10.INDEMNIFICATION. The Referral Partner agrees to indemnify, defend, and hold harmless SWU and each of its officers, directors, owners, employees, and agents from and against all third party actions, suits, losses, liabilities, claims, expenses, damages, and costs of every kind and description including reasonable legal fees (collectively, “Losses”) arising out of the Referral Partner’s use of the Program, violation of this Agreement, violation of the law, or infringement of the rights of any third party. This obligation survives the termination or expiration of this Agreement.

11. CONFIDENTIALITY. The Referral Partner shall not, in any fashion, form, or manner, either directly or indirectly (i) divulge, disclose, or communicate to any person, firm, or corporation in any manner whatsoever any information of any kind, nature, or description concerning any matters affecting or relating to SWU’s business, including, without limitation, the names of any its customers, the prices it obtains or has obtained, or at which it sells or has sold its products, or any other information concerning SWU’s business, its manner of operation, or its plans, strategies, processes, other information of any kind, nature, or description, or the Program (the “Confidential Information”), (ii) duplicate or replicate any Confidential Information for personal retention or for distribution unless requested to do so by SWU, (iii) use Confidential Information other than solely for the benefit of SWU, or (iv) assist a third party to circumvent, or directly circumvent, SWU’s contractual relationship with any customers or prospective customers. The Parties hereby stipulate that, as between them, the foregoing matters are important, material, and confidential, and gravely affect the effective and successful conduct of SWU’s business and its good will, and that any breach of the terms of this section is a material breach of this Agreement.

12.  MISCELLANEOUS.

a.     For the purposes of this Agreement and all services to be provided hereunder, the Parties shall be, and shall be deemed to be, independent contractors and not agents or employees of the other Party. Neither Party shall have authority to make any statements, representations or commitments of any kind, nor to take any action which shall be binding on the other Party, except as may be expressly provided for herein or authorized in writing.
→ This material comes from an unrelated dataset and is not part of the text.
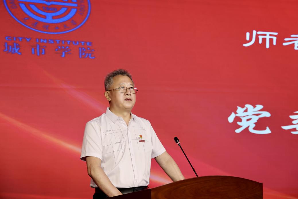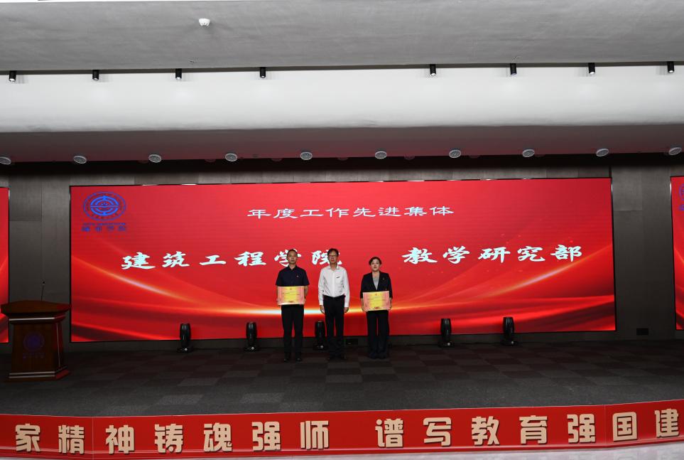郭玉铸对全院教师提出三点希望,第一,全体教师要坚定“为党育人、为国育才”的理想信念。高校作为应用型人才培养的重要阵地,肩负着培养适应区域产业发展、具备实践能力的人才培养使命;第二,要锤炼“勤学笃实、知行合一”的专业素养,既要深耕本专业领域,成为“双师型”教师队伍的“领头雁”,也要关注跨学科融合,在“产教融合”领域寻找创新突破口;第三,要涵养“淡泊名利、甘于奉献”的师德师风,希望全体教师把“教书育人”作为毕生追求,成为学生成长路上的“引路人”。

b.   In the event the Referral Partner has been paid $600 or more in any calendar year, the Referral Partner shall provide to SWU the appropriate information, as requested by SWU, to fill out a Form 1099 relating to such compensation.
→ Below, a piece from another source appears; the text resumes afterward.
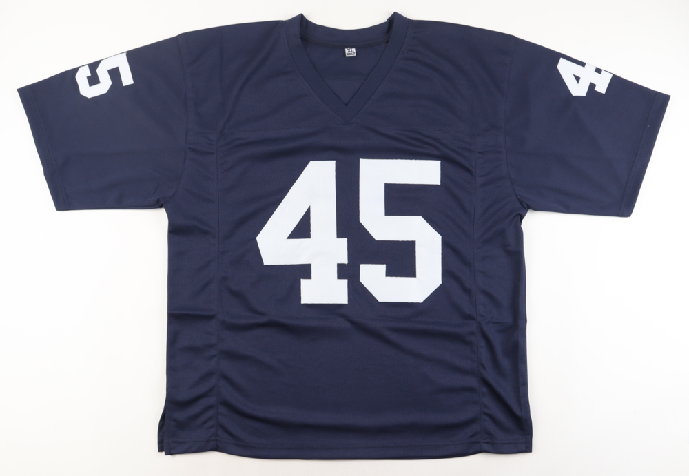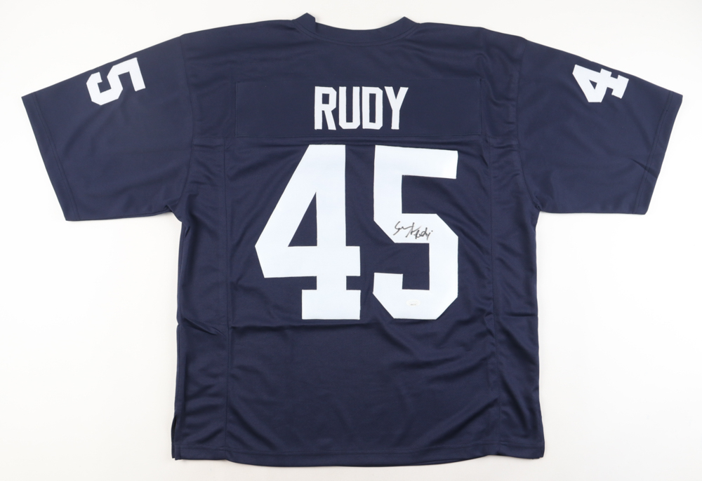Custom jersey with everything sewn on, size XL. Hand-signed and inscribed by Sean Astin (Rudy). Please note, the jersey is not signed by Rudy Ruettiger.

c.   Neither Party may assign this Agreement without the prior written consent of the other Party, except to a third party that acquires substantially all of either Party’s assets.

d.  This Agreement and the interpretation of the terms herein shall be governed by and construed in accordance with the laws of the State of Arizona, without regard to the principles of conflict of laws. The Referral Partner and SWU agree to try and resolve all conflicts in good faith prior to litigating. The Referral Partner hereby assents to the exclusive jurisdiction of the federal or state courts located in Yavapai County, Arizona.
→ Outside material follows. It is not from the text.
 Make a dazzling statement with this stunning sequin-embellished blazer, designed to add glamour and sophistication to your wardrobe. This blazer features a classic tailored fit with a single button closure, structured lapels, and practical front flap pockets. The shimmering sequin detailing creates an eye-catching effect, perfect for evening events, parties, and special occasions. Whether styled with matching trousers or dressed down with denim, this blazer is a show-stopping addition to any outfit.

e.     No waiver or modification of this Agreement or of any covenant, condition, or limitation herein contained shall be valid unless agreed upon in writing.

f.   This Agreement constitutes the entire agreement between the Parties pertaining to the subject matter hereof, and supersedes in its entirety any and all written or oral agreements previously existing between the Parties with respect to such subject matter.

g.   If any provision of this Agreement is held to be invalid, illegal or unenforceable for any reason, such invalidity, illegality or unenforceability shall not affect any other provisions of this Agreement, and this Agreement shall be construed as if such invalid, illegal or unenforceable provision had not been contained herein.